We need to learn how to extract some basic characteristics from each person. Then we could get these characteristics from an unknown person and compare them with the characteristics of famous people. For example, you can measure each ear, determine the distance between the eyes, the length of the nose, etc. If you have ever watched a television series about the work of the Las Vegas forensic laboratory staff (
“CSI: a crime scene” ), then you know what it is about:

Like in the movies! So it seems to be true!
The most reliable method to measure face
Well, but what characteristics should be obtained from each person to build a database of famous people? Ear sizes? Nose length? Eye color? Anything else?
It turns out that the characteristics that seem obvious to us humans (for example, eye color) do not make sense for a computer analyzing individual pixels in an image. The researchers found that the most appropriate approach is to enable the computer to determine the characteristics that need to be collected. In-depth training allows better than people can do to identify parts of the face that are important for its recognition.
The solution is to train the deep convolutional neural network (
this is exactly what we did in release 3 ). But instead of learning the network to recognize graphic objects, as we did last time, we are now going to teach it to create 128 characteristics for each face.
The learning process is valid when considering 3 face images at the same time:
1. Download the training face image of a famous person.

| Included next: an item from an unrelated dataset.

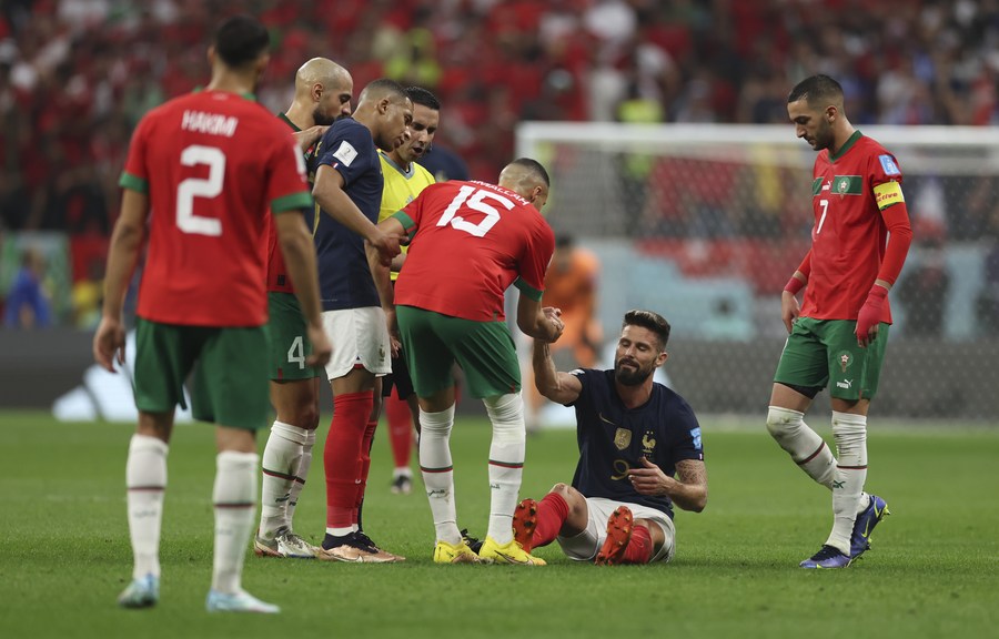Selim Amallah (3-d), de Marruecos, ayuda a Olivier Giroud, de Francia, durante el partido correspondiente a la semifinal entre Francia y Marruecos en la Copa Mundial de la FIFA 2022, en el Estadio Al Bayt, en Al Khor, Qatar, el 14 de diciembre de 2022. (Xinhua/Pan Yulong)

2. Download another face image of the same person.
3. Upload another person's face image.
Then the algorithm considers the characteristics that it currently creates for each of the three images indicated. It slightly adjusts the neural network so that the characteristics created by it for images 1 and 2 are a little closer to each other, and for images 2 and 3 - a little further.

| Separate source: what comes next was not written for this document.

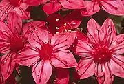 Flowers appear from May to July. At the top of a 10 cm inflorescence, the flowers are over 2.5 cm, deep pink to red. The individual flowers are 5-petalled, star-shaped and have dark pink stamens and white anthers.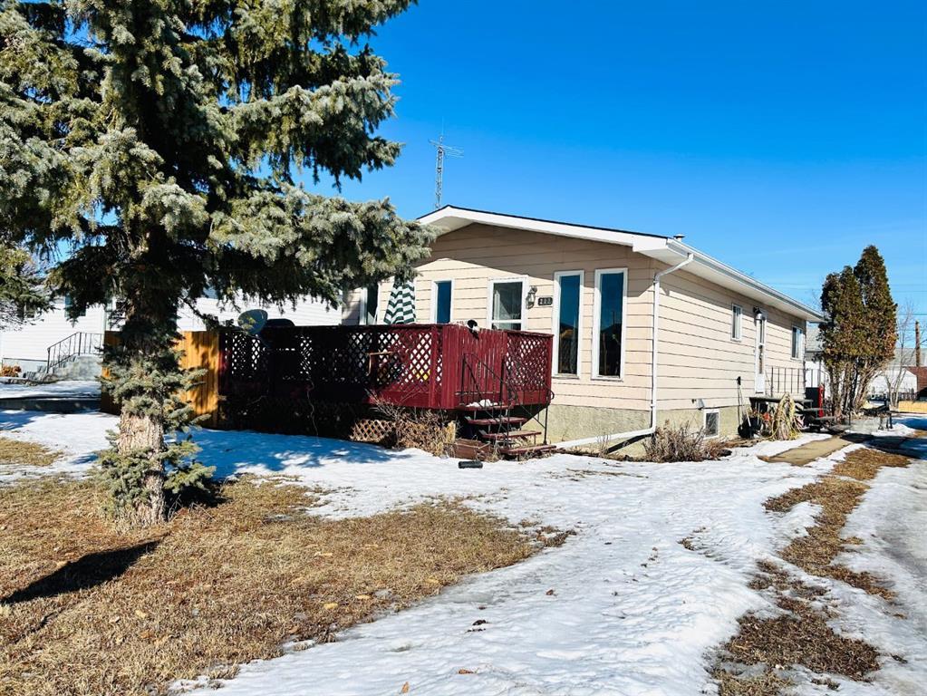Looking for an affordable family home? This 5 bedroom, 2 bath home is located within walking distance to the Shirley McClellan Aquatic Centre, ball diamonds, school, and playground. Situated on a larger 69’ x 169’ lot with a detached double garage and a drive through gravel driveway. Enter this home through the south facing front door with an attached deck and tall evergreens for shade. The main living area is open and has a bright living space, dining area, and inviting kitchen with plenty of cooking space. The laundry area seconds as a side entry mudroom. The main level holds three bedrooms with plenty of closet space. The main floor bath is currently being completely renovated. Basement enters into a spacious family room, with new vinyl windows. Basement holds two more bedrooms, 3 piece bath with a stand up shower, and a large storage room that would also work as home office space. Home has a brand new hot water tank, new basement windows, some updated main level windows, and a bathroom renovation in progress. This property has no adjacent neighbours on the east side.

A single “structured” learning step:
After repeating this step millions of times for millions of images of thousands of different people, the neural network is able to reliably create 128 characteristics for each person. Any ten different images of the same person will give roughly the same characteristics.
Specialists in training machines call these 128 characteristics of each person a
set of characteristics (features) . The idea of ​​converting complex source data, such as, for example, an image, to a list of computer-generated numbers, turned out to be extremely promising in teaching machines (in particular, for translations). This approach for individuals that we use
was proposed in 2015 by researchers from Google , but there are many similar approaches.

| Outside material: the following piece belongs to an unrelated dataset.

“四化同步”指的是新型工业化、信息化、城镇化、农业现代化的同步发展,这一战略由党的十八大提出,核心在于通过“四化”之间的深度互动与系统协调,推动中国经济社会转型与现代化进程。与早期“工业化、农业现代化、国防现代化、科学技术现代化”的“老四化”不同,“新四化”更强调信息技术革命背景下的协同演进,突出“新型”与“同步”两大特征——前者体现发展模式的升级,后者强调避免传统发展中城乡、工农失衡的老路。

The encoding of our face image
The training process of the convolutional neural network in order to output sets of facial characteristics requires a large amount of data and high computer performance. Even on an expensive
NVidia Telsa video card, it takes
about 24 hours of continuous training to get good accuracy.
But if the network is trained, then it is possible to create characteristics for any person, even for the one that has never been seen before! Therefore, this step is required only once. Fortunately for us, the good people at
OpenFace have already done this and have
provided access to several trained networks that we can immediately use. Thanks to
Brandon Amos and the team!
As a result, all that is required of us is to take our face images through their pre-trained network and get 128 characteristics for each person. Below are the specifications for our test image:

But what specific parts of the face do these 128 numbers describe? It turns out that we have no idea about this. But in fact it does not matter to us. We should be concerned only with the fact that the network gives out approximately the same numbers, analyzing two different images of the same person.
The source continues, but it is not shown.